What is needed
The records that follow are to be printed exactly, with no images.

+++ Records supplied

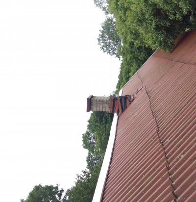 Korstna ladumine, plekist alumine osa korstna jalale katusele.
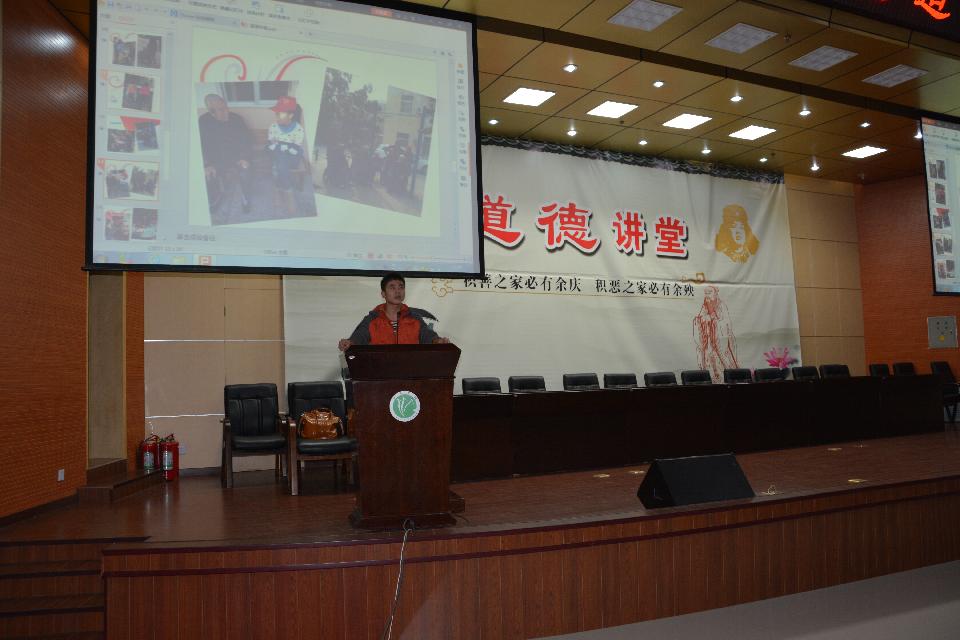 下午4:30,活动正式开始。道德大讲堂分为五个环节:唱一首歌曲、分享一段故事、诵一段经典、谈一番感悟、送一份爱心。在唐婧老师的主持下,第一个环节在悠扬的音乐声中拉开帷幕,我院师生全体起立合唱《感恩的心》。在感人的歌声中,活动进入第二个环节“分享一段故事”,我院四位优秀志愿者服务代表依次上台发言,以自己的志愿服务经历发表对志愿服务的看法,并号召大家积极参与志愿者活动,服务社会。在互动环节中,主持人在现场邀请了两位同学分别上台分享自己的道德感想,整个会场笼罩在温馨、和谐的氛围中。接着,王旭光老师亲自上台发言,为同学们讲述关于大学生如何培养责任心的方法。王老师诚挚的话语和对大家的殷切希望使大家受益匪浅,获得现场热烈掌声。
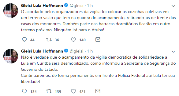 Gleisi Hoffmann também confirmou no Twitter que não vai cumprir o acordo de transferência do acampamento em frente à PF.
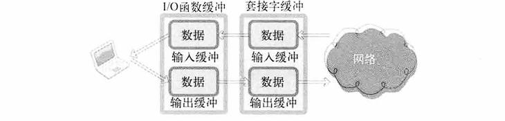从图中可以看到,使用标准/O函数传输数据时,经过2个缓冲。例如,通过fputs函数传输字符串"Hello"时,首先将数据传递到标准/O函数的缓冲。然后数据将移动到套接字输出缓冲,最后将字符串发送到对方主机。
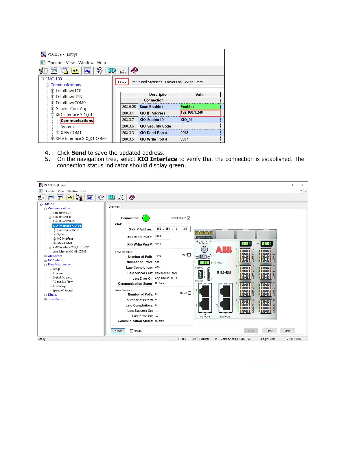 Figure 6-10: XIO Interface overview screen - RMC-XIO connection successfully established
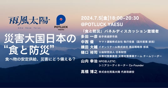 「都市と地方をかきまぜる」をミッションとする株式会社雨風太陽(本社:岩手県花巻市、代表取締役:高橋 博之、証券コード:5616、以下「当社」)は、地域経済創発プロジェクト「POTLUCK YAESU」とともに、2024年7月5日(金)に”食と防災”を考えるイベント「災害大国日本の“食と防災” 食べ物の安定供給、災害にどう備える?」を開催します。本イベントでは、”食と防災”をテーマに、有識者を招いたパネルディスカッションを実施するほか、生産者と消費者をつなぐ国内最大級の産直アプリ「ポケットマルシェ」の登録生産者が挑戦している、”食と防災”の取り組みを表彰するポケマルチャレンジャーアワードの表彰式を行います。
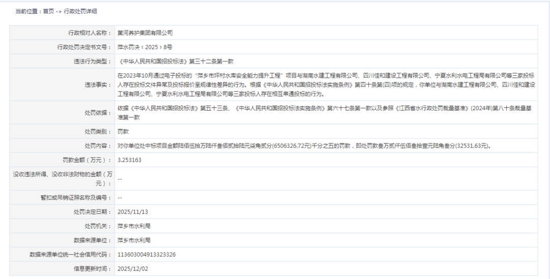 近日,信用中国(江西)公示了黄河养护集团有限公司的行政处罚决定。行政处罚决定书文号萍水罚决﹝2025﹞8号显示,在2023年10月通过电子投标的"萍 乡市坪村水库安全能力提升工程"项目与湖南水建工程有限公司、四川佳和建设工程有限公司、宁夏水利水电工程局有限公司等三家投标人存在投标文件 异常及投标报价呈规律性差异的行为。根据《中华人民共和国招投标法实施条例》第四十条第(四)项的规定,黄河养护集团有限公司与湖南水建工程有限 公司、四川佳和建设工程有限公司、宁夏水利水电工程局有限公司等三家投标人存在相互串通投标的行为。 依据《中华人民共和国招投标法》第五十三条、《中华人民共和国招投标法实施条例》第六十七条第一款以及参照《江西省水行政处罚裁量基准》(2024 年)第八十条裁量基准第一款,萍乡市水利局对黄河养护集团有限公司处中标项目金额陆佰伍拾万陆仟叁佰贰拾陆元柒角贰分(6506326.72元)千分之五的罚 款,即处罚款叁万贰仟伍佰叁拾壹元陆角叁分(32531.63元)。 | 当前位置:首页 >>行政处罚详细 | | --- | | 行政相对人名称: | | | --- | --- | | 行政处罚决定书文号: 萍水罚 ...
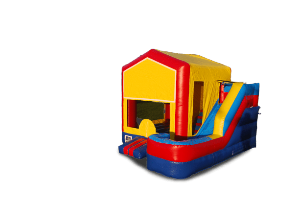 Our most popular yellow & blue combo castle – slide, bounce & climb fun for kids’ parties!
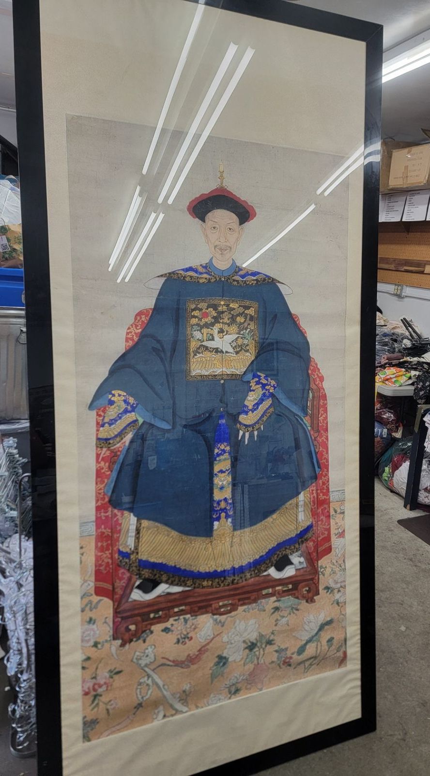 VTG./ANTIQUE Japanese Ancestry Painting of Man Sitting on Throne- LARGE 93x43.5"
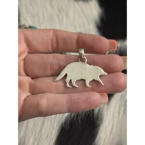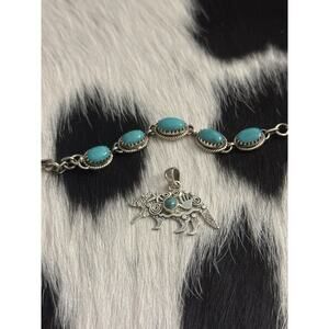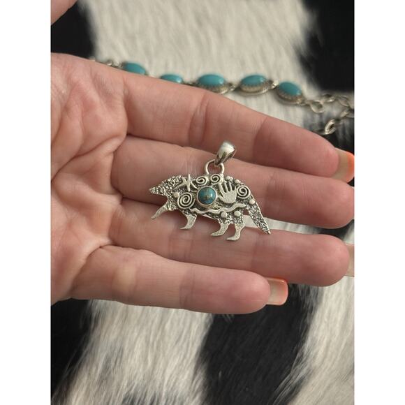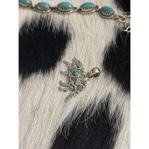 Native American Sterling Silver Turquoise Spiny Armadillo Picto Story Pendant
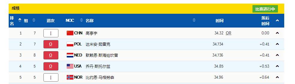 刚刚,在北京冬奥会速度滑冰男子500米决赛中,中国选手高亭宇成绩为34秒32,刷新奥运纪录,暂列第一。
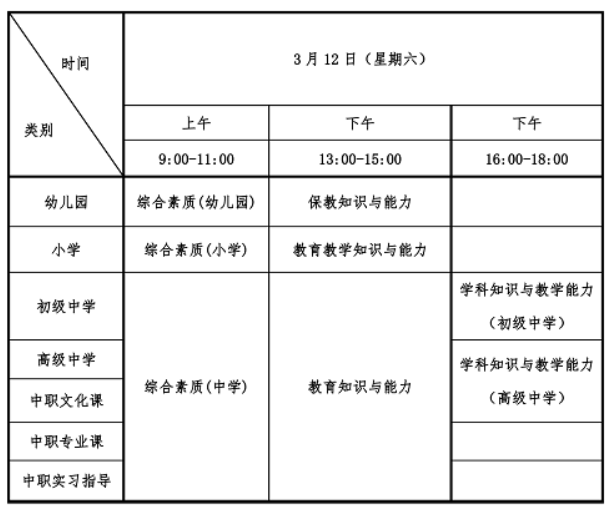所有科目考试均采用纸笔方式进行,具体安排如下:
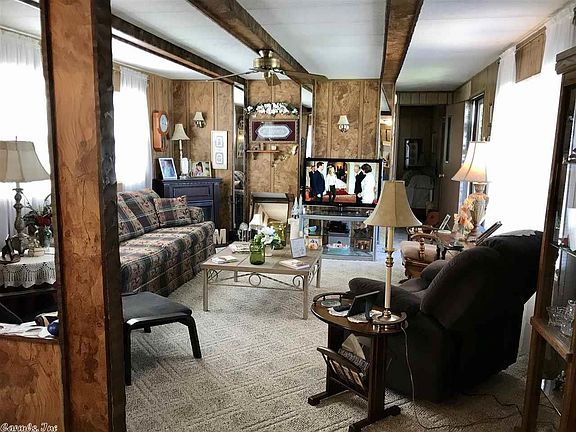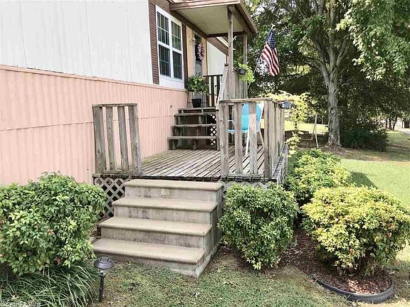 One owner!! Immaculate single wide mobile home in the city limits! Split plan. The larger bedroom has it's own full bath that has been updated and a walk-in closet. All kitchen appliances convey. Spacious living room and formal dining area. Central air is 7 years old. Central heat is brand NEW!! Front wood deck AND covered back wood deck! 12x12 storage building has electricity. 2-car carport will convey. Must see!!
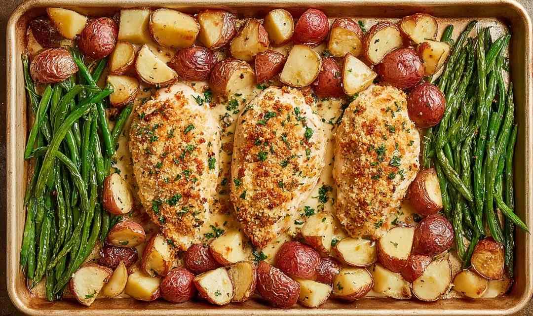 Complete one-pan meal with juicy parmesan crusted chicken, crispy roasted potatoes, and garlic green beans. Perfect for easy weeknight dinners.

++++++

Answer
 Korstna ladumine, plekist alumine osa korstna jalale katusele.
 下午4:30,活动正式开始。道德大讲堂分为五个环节:唱一首歌曲、分享一段故事、诵一段经典、谈一番感悟、送一份爱心。在唐婧老师的主持下,第一个环节在悠扬的音乐声中拉开帷幕,我院师生全体起立合唱《感恩的心》。在感人的歌声中,活动进入第二个环节“分享一段故事”,我院四位优秀志愿者服务代表依次上台发言,以自己的志愿服务经历发表对志愿服务的看法,并号召大家积极参与志愿者活动,服务社会。在互动环节中,主持人在现场邀请了两位同学分别上台分享自己的道德感想,整个会场笼罩在温馨、和谐的氛围中。接着,王旭光老师亲自上台发言,为同学们讲述关于大学生如何培养责任心的方法。王老师诚挚的话语和对大家的殷切希望使大家受益匪浅,获得现场热烈掌声。
 Gleisi Hoffmann também confirmou no Twitter que não vai cumprir o acordo de transferência do acampamento em frente à PF.
从图中可以看到,使用标准/O函数传输数据时,经过2个缓冲。例如,通过fputs函数传输字符串"Hello"时,首先将数据传递到标准/O函数的缓冲。然后数据将移动到套接字输出缓冲,最后将字符串发送到对方主机。
 Figure 6-10: XIO Interface overview screen - RMC-XIO connection successfully established
 「都市と地方をかきまぜる」をミッションとする株式会社雨風太陽(本社:岩手県花巻市、代表取締役:高橋 博之、証券コード:5616、以下「当社」)は、地域経済創発プロジェクト「POTLUCK YAESU」とともに、2024年7月5日(金)に”食と防災”を考えるイベント「災害大国日本の“食と防災” 食べ物の安定供給、災害にどう備える?」を開催します。本イベントでは、”食と防災”をテーマに、有識者を招いたパネルディスカッションを実施するほか、生産者と消費者をつなぐ国内最大級の産直アプリ「ポケットマルシェ」の登録生産者が挑戦している、”食と防災”の取り組みを表彰するポケマルチャレンジャーアワードの表彰式を行います。
 近日,信用中国(江西)公示了黄河养护集团有限公司的行政处罚决定。行政处罚决定书文号萍水罚决﹝2025﹞8号显示,在2023年10月通过电子投标的"萍 乡市坪村水库安全能力提升工程"项目与湖南水建工程有限公司、四川佳和建设工程有限公司、宁夏水利水电工程局有限公司等三家投标人存在投标文件 异常及投标报价呈规律性差异的行为。根据《中华人民共和国招投标法实施条例》第四十条第(四)项的规定,黄河养护集团有限公司与湖南水建工程有限 公司、四川佳和建设工程有限公司、宁夏水利水电工程局有限公司等三家投标人存在相互串通投标的行为。 依据《中华人民共和国招投标法》第五十三条、《中华人民共和国招投标法实施条例》第六十七条第一款以及参照《江西省水行政处罚裁量基准》(2024 年)第八十条裁量基准第一款,萍乡市水利局对黄河养护集团有限公司处中标项目金额陆佰伍拾万陆仟叁佰贰拾陆元柒角贰分(6506326.72元)千分之五的罚 款,即处罚款叁万贰仟伍佰叁拾壹元陆角叁分(32531.63元)。 | 当前位置:首页 >>行政处罚详细 | | --- | | 行政相对人名称: | | | --- | --- | | 行政处罚决定书文号: 萍水罚 ...
 Our most popular yellow & blue combo castle – slide, bounce & climb fun for kids’ parties!
 VTG./ANTIQUE Japanese Ancestry Painting of Man Sitting on Throne- LARGE 93x43.5"
 Native American Sterling Silver Turquoise Spiny Armadillo Picto Story Pendant
 刚刚,在北京冬奥会速度滑冰男子500米决赛中,中国选手高亭宇成绩为34秒32,刷新奥运纪录,暂列第一。
所有科目考试均采用纸笔方式进行,具体安排如下:
 One owner!! Immaculate single wide mobile home in the city limits! Split plan. The larger bedroom has it's own full bath that has been updated and a walk-in closet. All kitchen appliances convey. Spacious living room and formal dining area. Central air is 7 years old. Central heat is brand NEW!! Front wood deck AND covered back wood deck! 12x12 storage building has electricity. 2-car carport will convey. Must see!!
 Complete one-pan meal with juicy parmesan crusted chicken, crispy roasted potatoes, and garlic green beans. Perfect for easy weeknight dinners.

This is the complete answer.